Las velitas “Lepetit” nos acompañaron diariamente en nuestra infancia.

Blancas, con una minibase metálica, se vendían en una caja de doce unidades. Se encendían por la noche, a la hora de acostarnos para el descanso nocturno. Cumplía la función de brindar una mínima iluminación que permitiera a nuestros padres, asistirnos en caso de cualquier imprevisto: sustos, temores infundados, demanda de la presencia de la madre, es decir, todos aquellas manifestaciones para solicitar apoyo o acompañamiento,para disipar los temores nocturnos.

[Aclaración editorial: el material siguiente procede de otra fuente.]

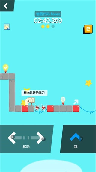 3、怎么才能摘到星星呢?尝试一直按跳跃键。

No se encendía la luz eléctrica. La idea era no molestar a nadie en las horas de reposo. Cuando estábamos enfermos, era de gran ayuda cuando debíamos beber una cucharada de jarabe para la tos, o cubrirnos cuando nos destapábamos en las noches de frío.

Foto: Archivo del autor

No había calefacción, y no se usaban los mortíferos braseros a carbón. Nuestros padres estaban pendientes de que no estuviéramos expuestos al frío. Los enfriamientos facilitaban las temibles enfermedades respiratorias, en la época que la tuberculosis diezmaba jóvenes.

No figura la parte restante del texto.